Publicado: Sexta, 15 de Junho de 2018, 15h15 | Última atualização em Quarta, 05 de Mai de 2021, 13h31

Cópia de alvará do rei d.João V no qual ordena aos ouvidores da capitania de São Paulo que sigam o regimento dos ouvidores da capitania do Rio de Janeiro no que tange ao julgamento de crimes. Lembra que no Rio de Janeiro era aplicada pena de morte aos crimes cometidos por índios e escravos, e seria proveitoso que na capitania de São Paulo os crimes cometidos por "escravos, índios e mulatos bastardos, ainda que forros, que estes eram os mais insolentes", fossem julgados com pena de morte sem que se pudesse recorrer à sentença. Argumenta ainda que o número de crimes cometidos por brancos na capitania era muito inferior ao das outras etnias numa proporção em que, a cada mil crimes, somente cento e cinquenta seriam de autoria de brancos.

 

Conjunto documental: Correspondência de São Paulo com o vice-rei do Brasil
Notação: códice 111
Datas-limite: 1723-1807
Título do fundo: Secretaria de Estado do Brasil
Código do fundo: 86
Argumento de pesquisa: População, mulatos
Data do documento: 3 de setembro de 1723
Local: -
Folha(s): 7

 

Eu El Rei[1] faço saber aos que este meu alvará[2] virem, que fazendo me presente o Ouvidor-Geral da capitania de São Paulo, Manoel de Melo Godinho Manso, se achasse sem regimento, de que haja de usar; mas somente uma cópia, do que se dizia haver levado Antonio Luiz Peleja, quando fora criar aquele lugar sem fé de quem o tirara; e que além de se não acomodar a reger por um tratado particular, se lhe oferecia representar, que o regimento do ouvidor[3] do Rio de Janeiro dava alçada até 20 mil réis nas penas, e o outro só dez cruzados, e o do Rio de Janeiro nos casos dos crimes de escravos[4] e índios, dava jurisdição até pena de morte[5] inclusive com adjuntos; e no daquela ouvidoria se denegava na de morte, sendo este ponto muito necessário naquela capitania; porque passando de mil os culpados, e maior parte em casos de morte, apenas seriam cento e cinquenta os homens brancos; e como naquela capitania se achava hoje governador e juiz de fora[6] em Santos, seria utilíssimo que os ouvidores nos tais casos pudessem com o governador e juiz de fora, sem apelação, nem agravo sentenciar à morte os escravos, índios[7], mulatos[8] e bastardos, ainda que forros[9], que estes eram os mais insolentes(...) Hei por bem, que os ouvidores da capitania de São Paulo, usem do regimento que tem os ouvidores do Rio de Janeiro e que o ouvidor de São Paulo, com o governador e Juiz de Fora de Santos, sentenciem os crimes em junta[10] até a pena de morte nas pessoas, que no Rio de Janeiro se sentenciam em junta; e que no recurso da coroa pratique o dito ouvidor o mesmo que até agora se praticou. Pelo que mando ao Ouvidor geral da capitania de São Paulo que hoje lê, e aos que lhe sucederem cumpram, e guardem este alvará e na forma dele usem do regimento de que usam os ouvidores do Rio de Janeiro. E ao meu governador e capitão-general desta Capitania de São Paulo, ordeno faça registrar este alvará nos livros da secretaria, e da câmara, juntamente com o regimento dos ouvidores do Rio de Janeiro, para que em todo o tempo conste, o que por este alvará concedo aos de São Paulo, o qual quero que valha como carta, e não passará pela chancelaria, sem embargo da ordenação do livro 2º, títulos 39 e 40 em contrário, e se passou por duas vias.

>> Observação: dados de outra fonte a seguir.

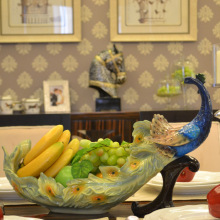 欧式孔雀装饰水果盘家居用品树脂工艺品创意样板房装饰品软装摆件
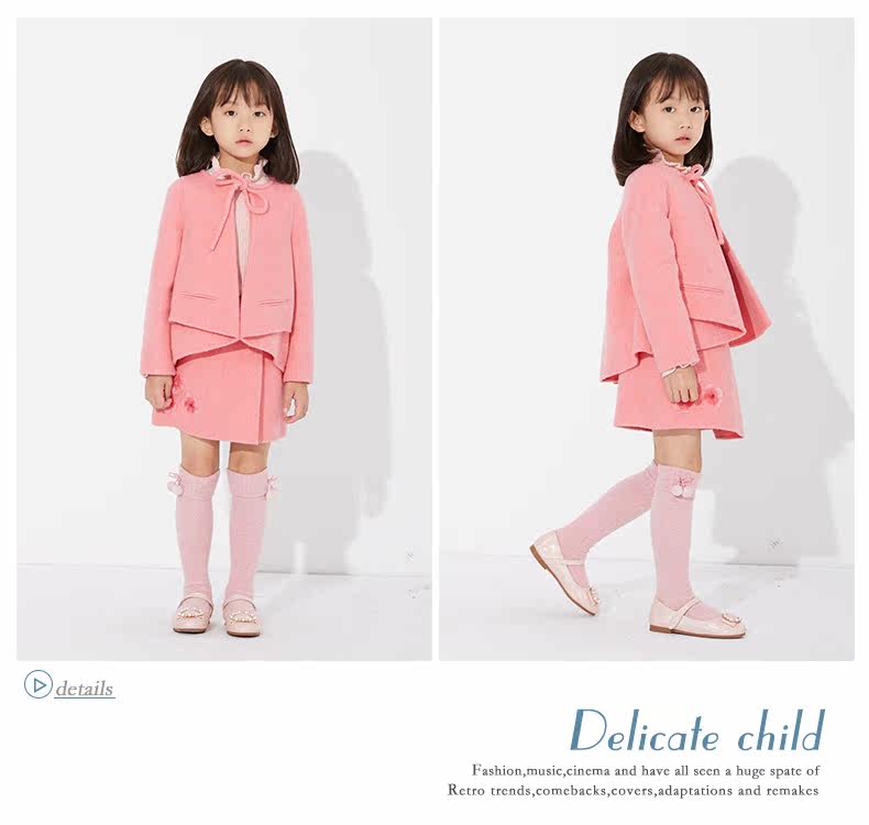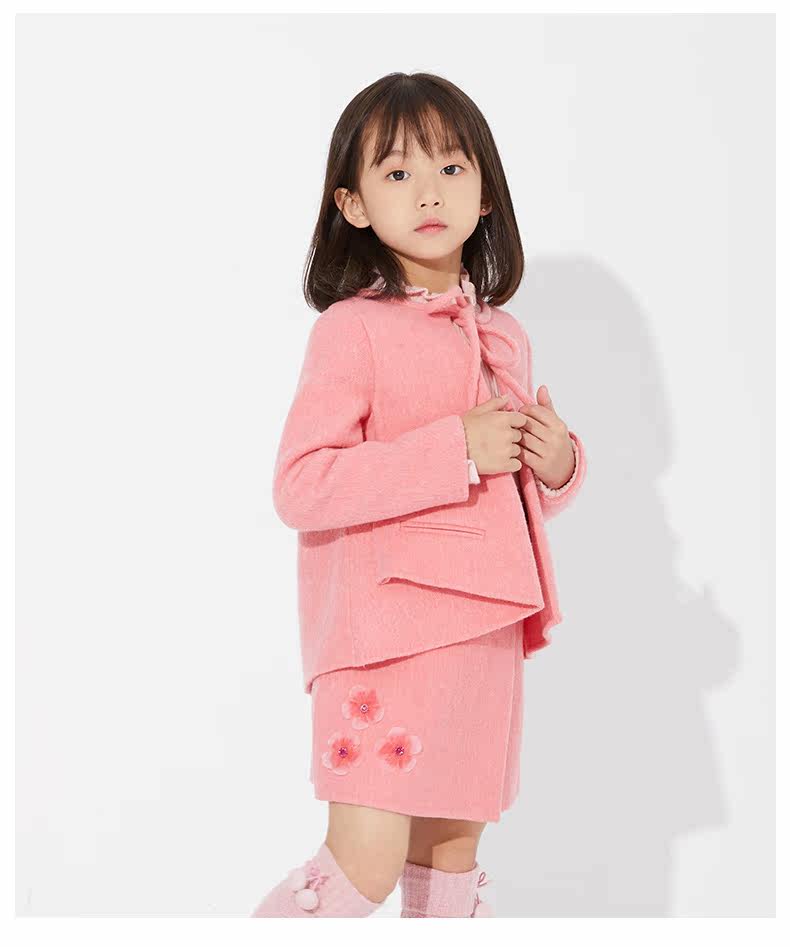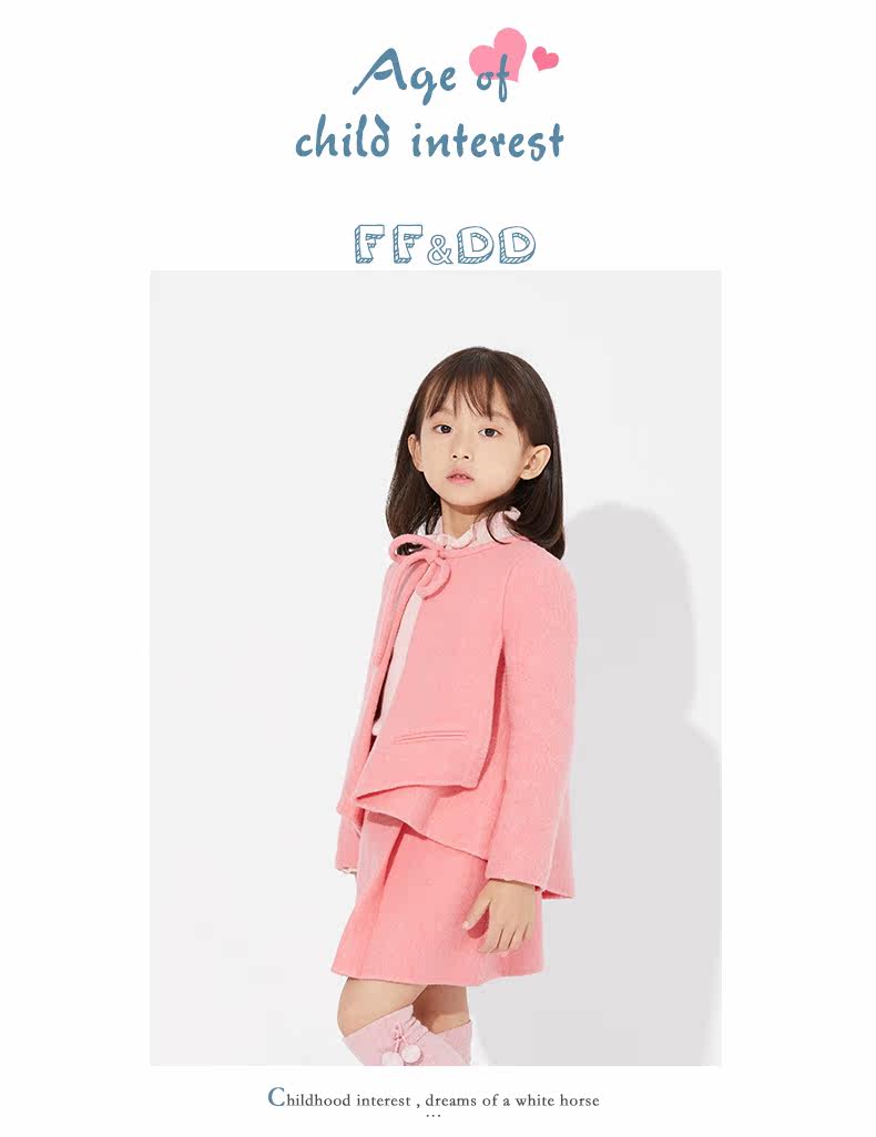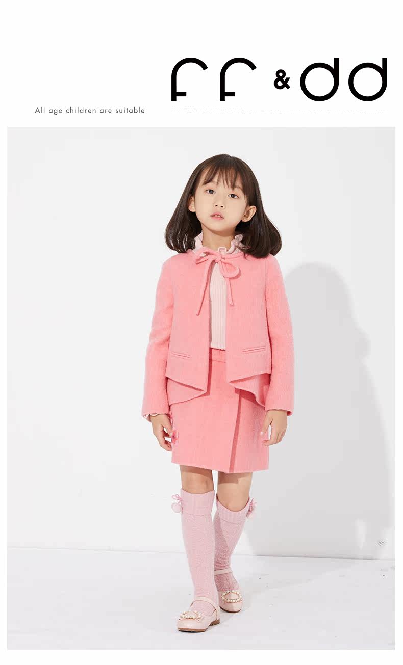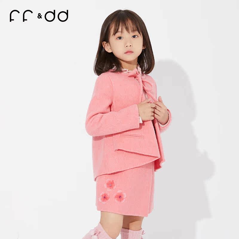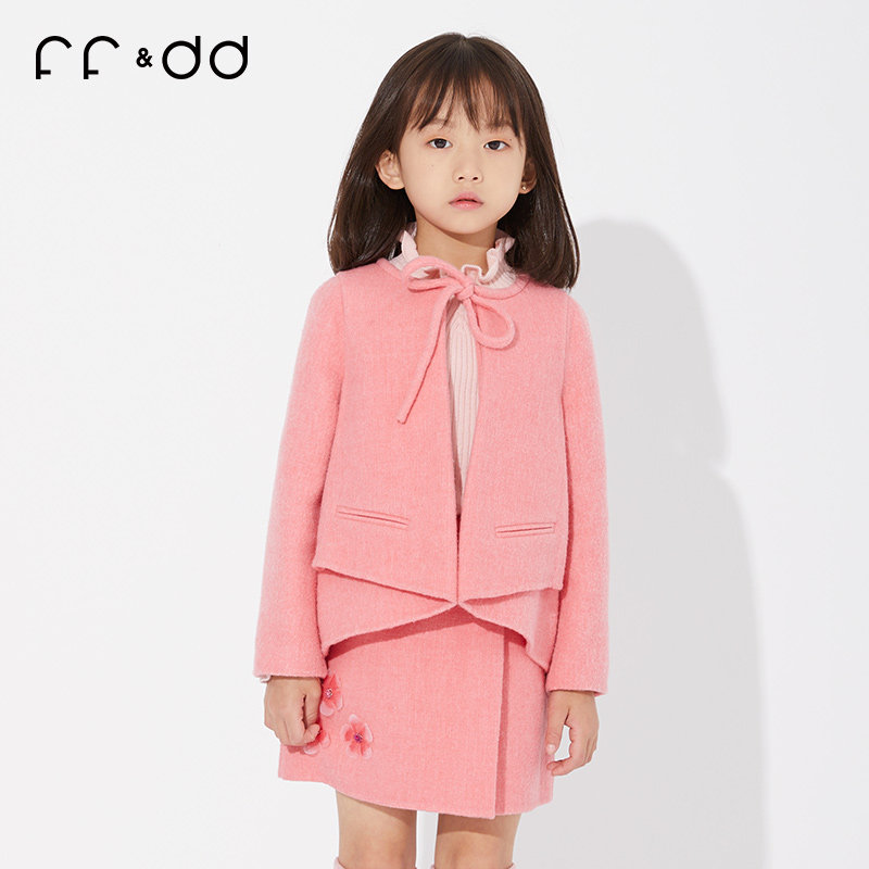 Ff & amp; dd Детская одежда зима Новая благородная стройная девушка 2y45046 Двух -шерстяное пальто

Miguel de Macedo Ribeiro a fez em Lisboa ocidental a três de setembro de 1723.

O secretário André Lopes de Lavre a fez escrever

Rei

 

Está conforme José Pinto da Silva

 

[1] JOÃO V, D. (1689-1750): conhecido como “o Magnânimo”, d. João V foi proclamado rei em 1706 e teve que administrar as consequências produzidas na colônia americana pelo envolvimento de Portugal na Guerra de Sucessão Espanhola (1702-1712), a perda da Colônia do Sacramento e a invasão de corsários franceses ao Rio de Janeiro (1710-11). Se as atividades corsárias representavam um contratempo relativamente comum à época e nas quais se envolviam diversas nações europeias, a ocupação na região do Rio da Prata seria alvo de guerras e contendas diplomáticas entre os dois países ibéricos durante, pelo menos, um século, já que as colônias herdariam tais questões fronteiriças depois da sua independência. As guerras dos Emboabas (1707-09) na região mineradora e dos Mascates (1710-11) em Pernambuco completaram o quadro de agitação desse período. Entre as medidas políticas mais expressivas de seu governo, encontram-se: os tratados de Utrecht (1713 e 1715), selando a paz com a França e a Espanha respectivamente, e o tratado de Madri (1750), que objetivava a demarcação dos territórios lusos e castelhanos na América, intermediado pelo diplomata Alexandre de Gusmão. Este tratado daria à colônia portuguesa na América uma feição mais próxima do que atualmente é o Brasil. Foi durante seu governo que se deu o início da exploração do ouro, enriquecendo Portugal e dinamizando a economia colonial. O fluxo do precioso metal contribuiu para o fausto que marcou seu reinado, notadamente no que dizia respeito às obras religiosas, embora parte dessa riqueza servisse também para pagamentos de dívidas, em especial com a Inglaterra. Mesmo assim, as atividades relacionadas às artes receberam grande incentivo, incluindo-se aí a construção de elaborados edifícios (Biblioteca de Coimbra, Palácio de Mafra, Capela de São João Batista – erguida em Roma com financiamento luso e, posteriormente, remontada em Lisboa) e o desenvolvimento do peculiar estilo barroco, que marcou a ourivesaria, a arquitetura, pintura e esculturas do período tanto em Portugal quanto no Brasil. Seu reinado antecipa a penetração das ideias ilustradas no reino, com a fundação de academias com apoio régio, a reunião de ilustrados, a influência da Congregação do Oratório, em contrapartida à Companhia de Jesus.

[2] ALVARÁ: proclamações do rei, articuladas geralmente em incisos, tendo, originariamente, natureza de lei de cunho geral, mas que passaram a ter caráter temporário, modificando as disposições constantes em decretos, regulamentações, normas administrativas, processuais e tributárias, dentre outras.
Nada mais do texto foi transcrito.